The US Court of Appeals for the Seventh Circuit on Thursday repealed a lower court’s order certifying a class action lawsuit filed by nearly 2,000 female employees alleging an “epidemic” of sexual harassment while working at the Cook County Jail in Cook County, Illinois.
In a 38-page opinion, the three-judge panel held that the lower court “abused its discretion in certifying the class” and that the class cannot stand “because it comprises class members with materially different working environments whose claims require separate, individual analyses.”
The 10 named plaintiffs in the case are women who work at the jail complex—one of the largest single-site jails in the US. Spaning eight city blocks, the campus consists of 36 separate buildings and houses approximately 100,000 inmates annually. The women brought suit against the jail and the Cook County Sheriff’s Office, alleging they “endured frequent and extreme sexual harassment by male inmates,” including exhibitionist masturbation, sexual epithets and threats, and sexual violence. They further allege they have complained about the harassment to no avail and that the jail ignored their complaints and took no preventative measures to prevent the harassment.
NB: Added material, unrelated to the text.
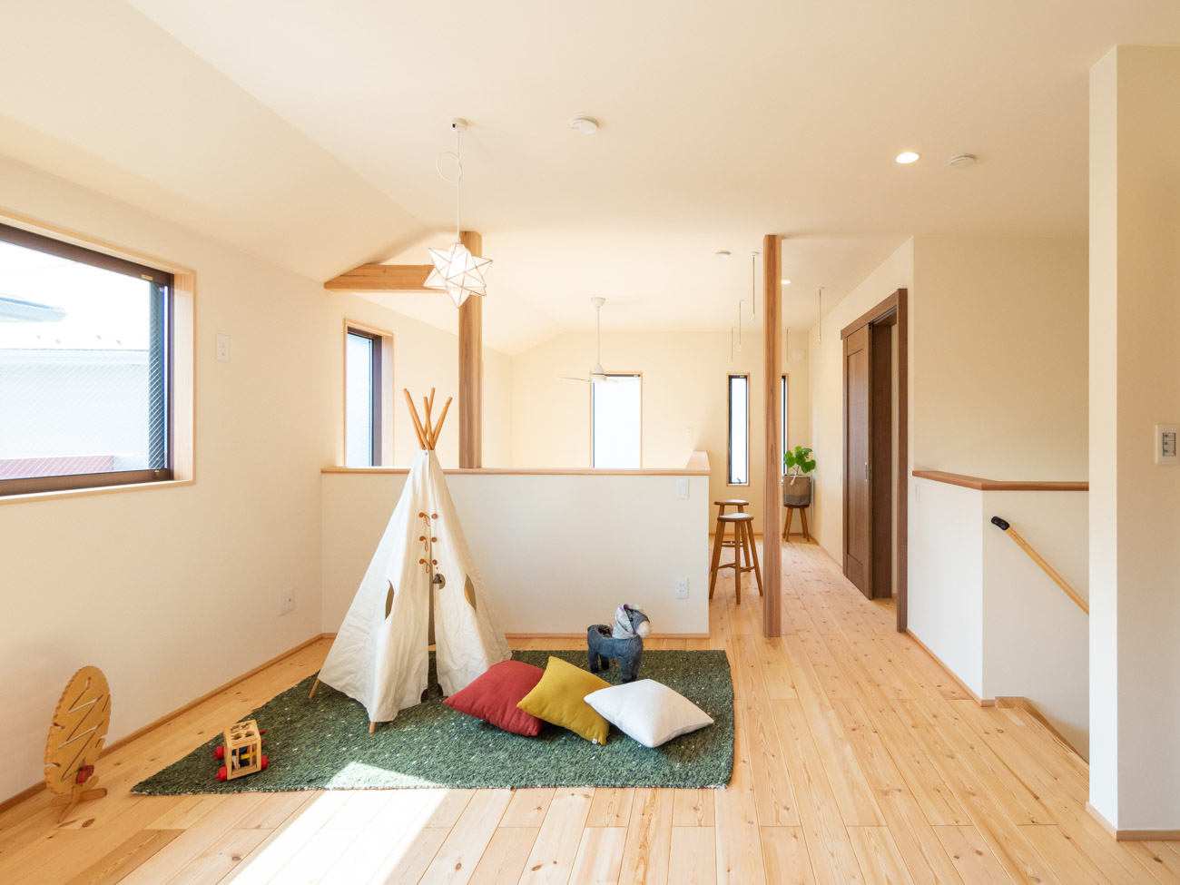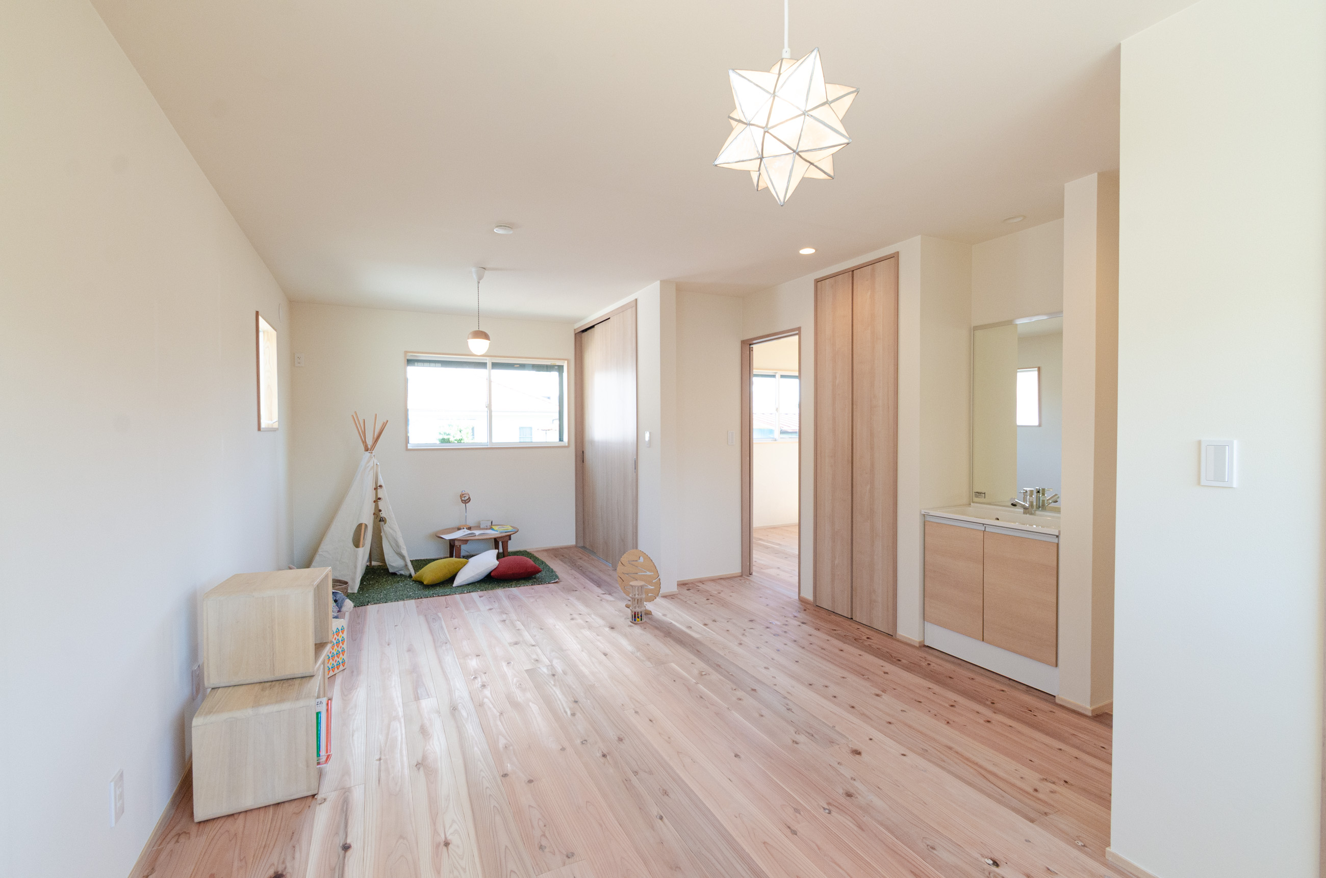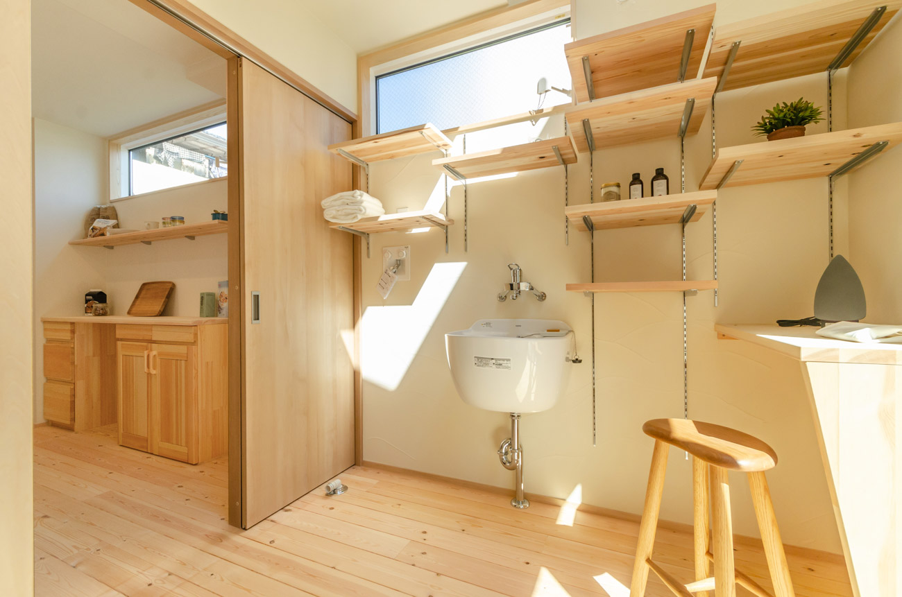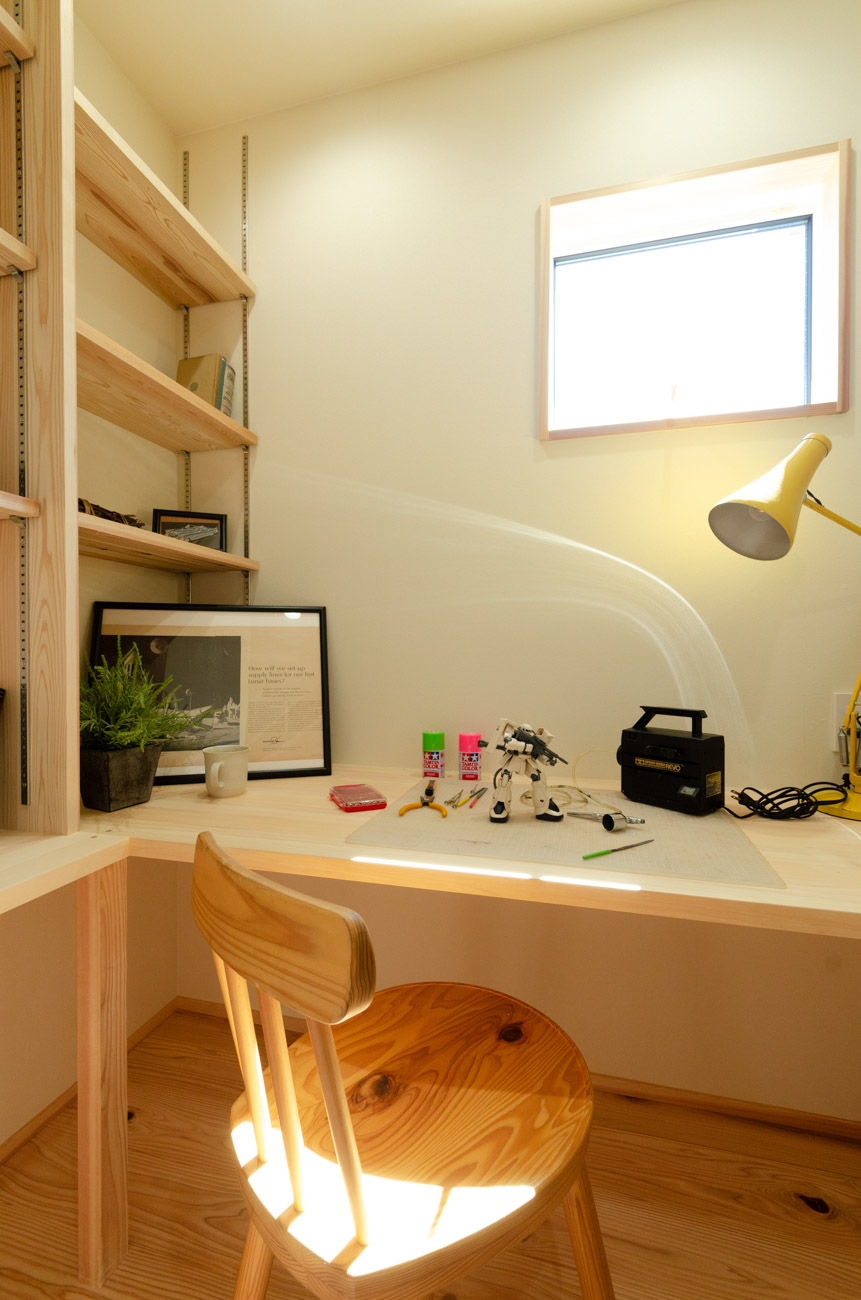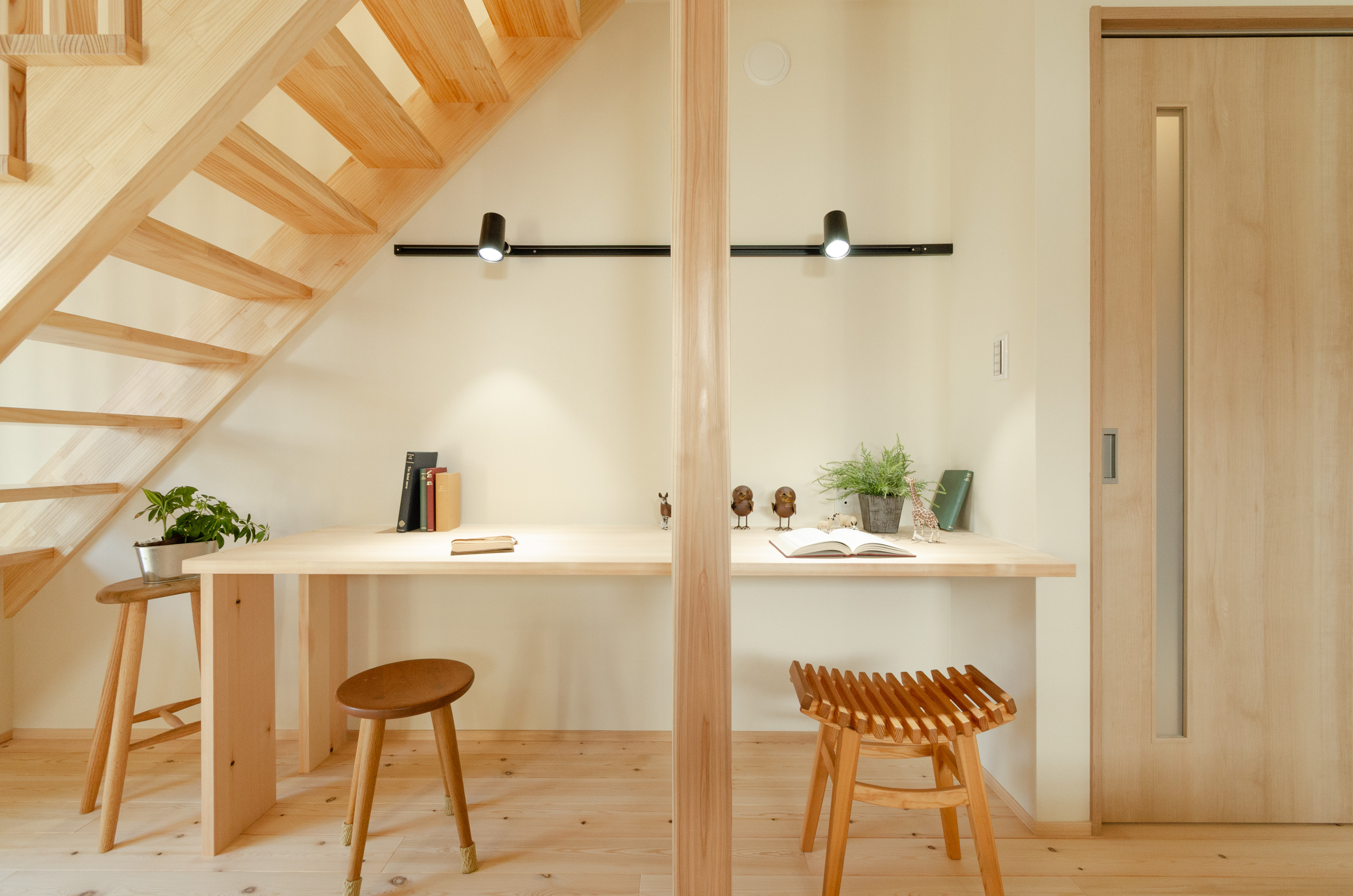 建主様親子と、お母様で暮らす予定のプチ二世帯。家族で集まるリビングは広くゆったりとつくられ、居心地の良い空間に。お母様のお部屋もリビング脇に作られ、ご様子を伺えるようになっています。 一方、二階の階段横の扉を開けると、本棚の奥にこじんまりとした書斎が現れます。家の一角に隠れるようにそっと作られたその書斎は、一人の時間を存分に楽しめる秘密の部屋。広い作業台があるため、仕事をしたり、趣味を楽しんだり読書に没頭したりと、自分一人の時間を思いきり満喫できます。 家族の時間も、一人の時間も大切にできるお住まいがとなりました。 設備と動線を備えた 暮らしやすい間取り サンルームと家事室を兼ねたランドリースペース、2階には大容量の三列ウォークインクローゼットと使いやすい設備が充実。脱衣所→キッチン→ランドリースペース→リビングをぐるっと回れる動きやすい家事動線は、モノが多くなる部分はリビングから見えないよう工夫されています。住む人の暮らしに合わせた使いやすい家事動線や設備をご提案いたします。お身体のことも考え、高齢のお母様のお部屋はリビングのすぐ脇に。 使い分けられる 2つのワークスペース 子供も大人もあると便利なのがワークスペース。仕事や家事をこなしたり子供の学習スペースとして大活躍です。リビング脇や家事室の一角に作ってちょっとした時間に利用するのもよし。より集中できる書斎やスタディルームとして作りこむのもよし。成長に併せて使い分けることも可能です。こちらのお住まいにはリビング横のデスクと2階階段脇に奥まった書斎と、2箇所のワークスペースを設置。 成長に合わせて 可変する間取り 二階の広いファミリースペースは、子供の成長に合わせて二部屋にまじ切ることができます。お子様が小さいうちは家族の部屋として、大きくなれば個室へと可変することができます。

In 2017 the women, on behalf of themselves and other similarly-situated women working in the jail complex, sued for “permitting a hostile work environment in violation of Title VII of the Civil Rights Act of 1964.” The US District Court for the Northern District of Illinois originally certified the class in August 2019, but narrowed the class.
The Sherrif’s Office and the jail appealed the certification that following November. They argued that the lower court erroneously accepted “ambient harassment,” which they defined as a theory “that sexual harassment of some individuals can be so severe that it invades an entire workplace, causing individuals who have not directly suffered harassment to nonetheless become atmospheric victims with their own actionable claims.”
The appellate court agreed. “[A]mbient harassment does not unite the modified class because it is no longer a central issue in the case and the plaintiffs have not shown that it manifests in the same way across different parts of the jail complex,” wrote circuit judge Amy St. Eve. “The significant variation in harassment levels across different parts of the jail complex renders certain class members’ work environments materially different from those of others.”